Your answer must be the exact lines of the listing below that run from the line with "Ring worn by" to the line with "yuu-station. iwakuni-city. YAMAGUCHI, JAPAN", ends included, and no pictures.
=== GIVEN DATA ===
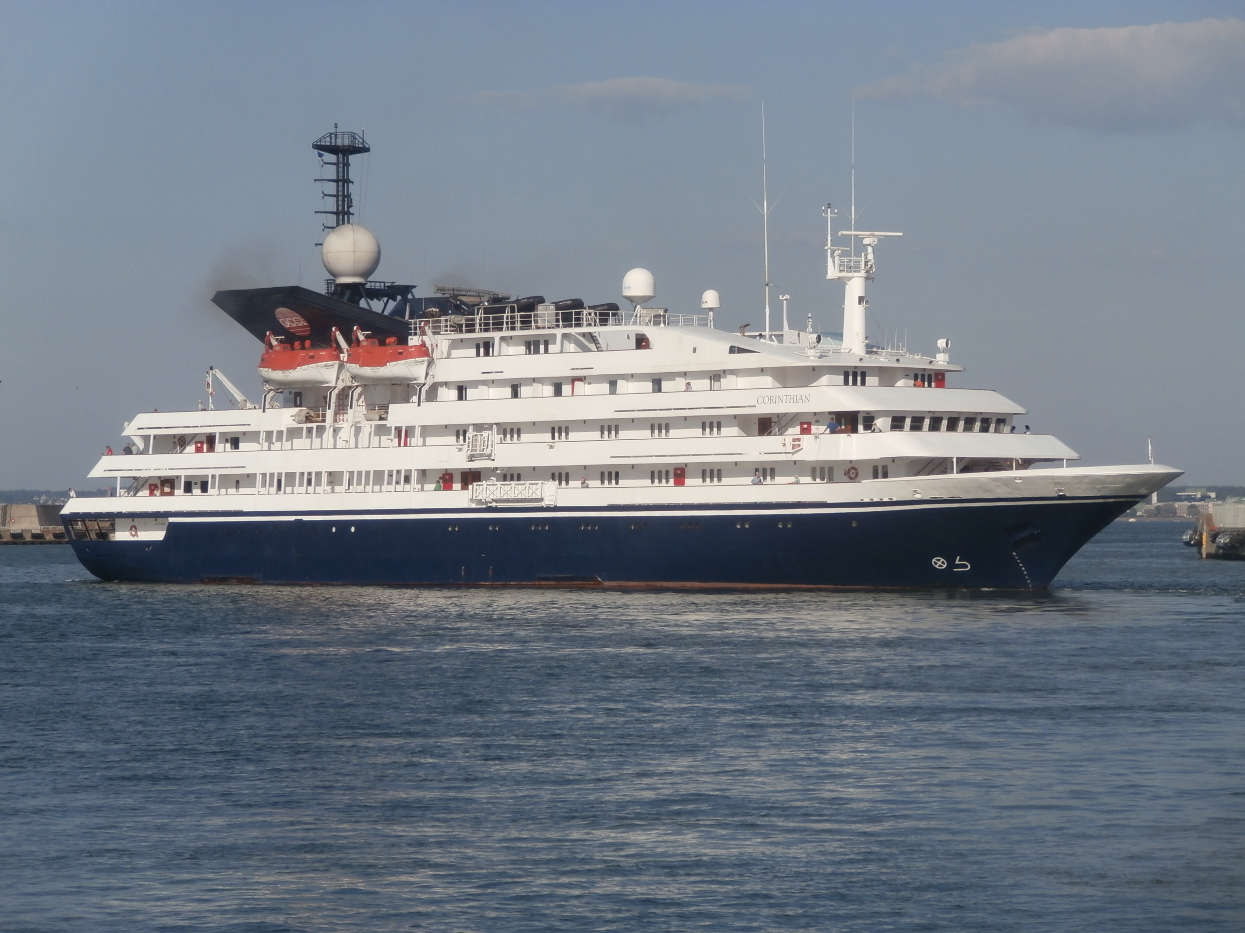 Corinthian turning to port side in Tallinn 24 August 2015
===
=== GIVEN DATA ===
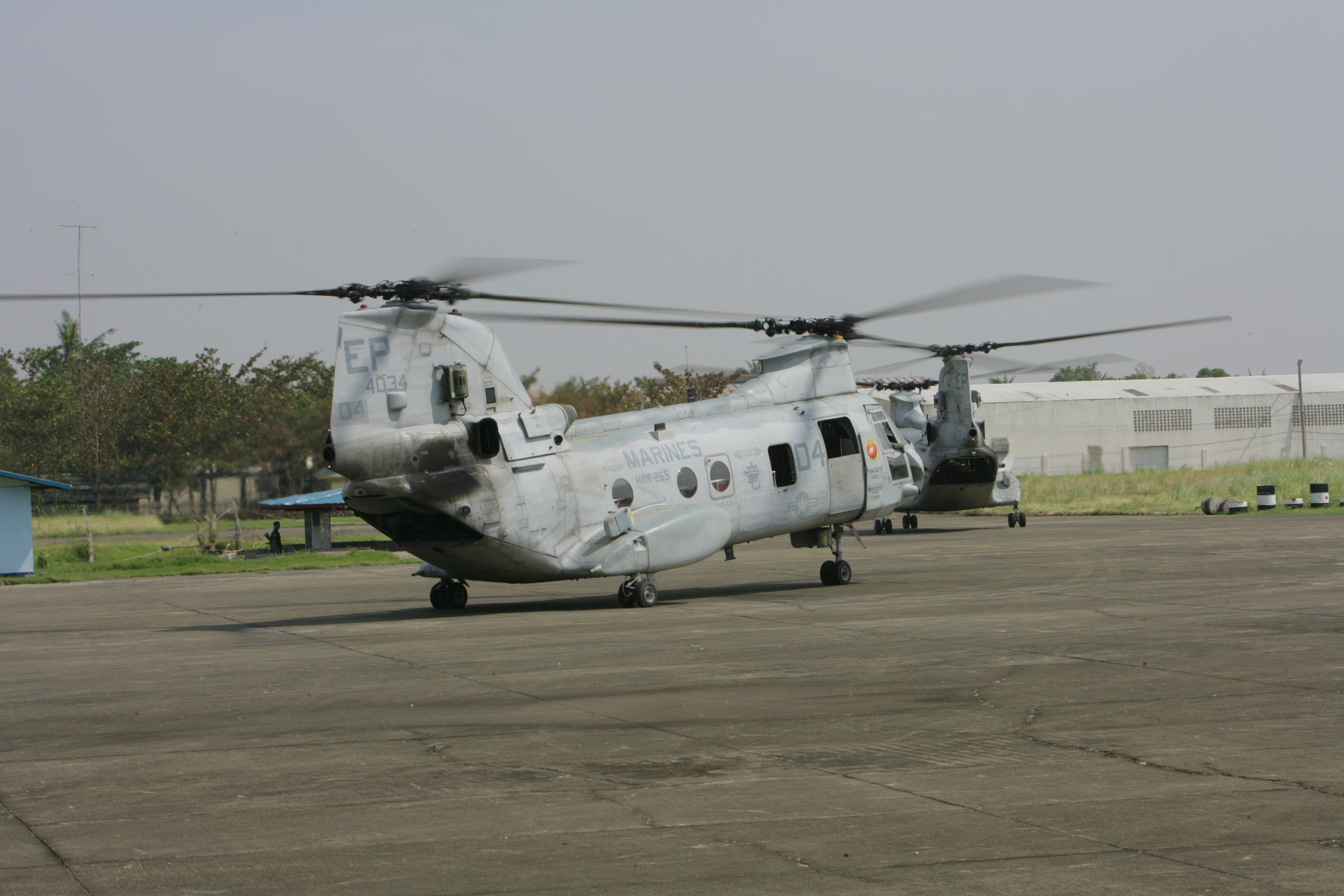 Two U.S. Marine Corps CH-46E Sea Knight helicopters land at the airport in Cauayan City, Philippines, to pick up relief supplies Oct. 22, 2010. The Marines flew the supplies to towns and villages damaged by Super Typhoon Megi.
===
=== GIVEN DATA ===
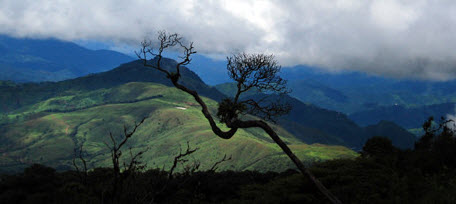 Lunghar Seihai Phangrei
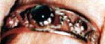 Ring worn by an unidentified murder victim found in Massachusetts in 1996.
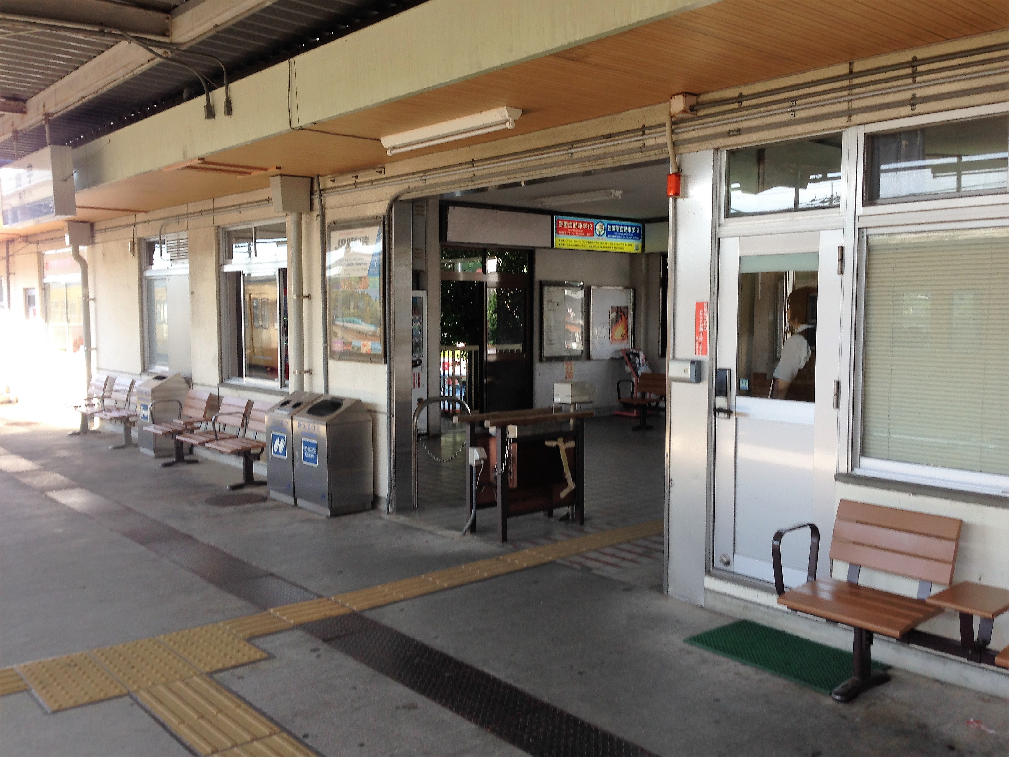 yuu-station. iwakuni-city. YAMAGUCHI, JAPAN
===
• _WRITTEN SOLUTION_
 Ring worn by an unidentified murder victim found in Massachusetts in 1996.
 yuu-station. iwakuni-city. YAMAGUCHI, JAPAN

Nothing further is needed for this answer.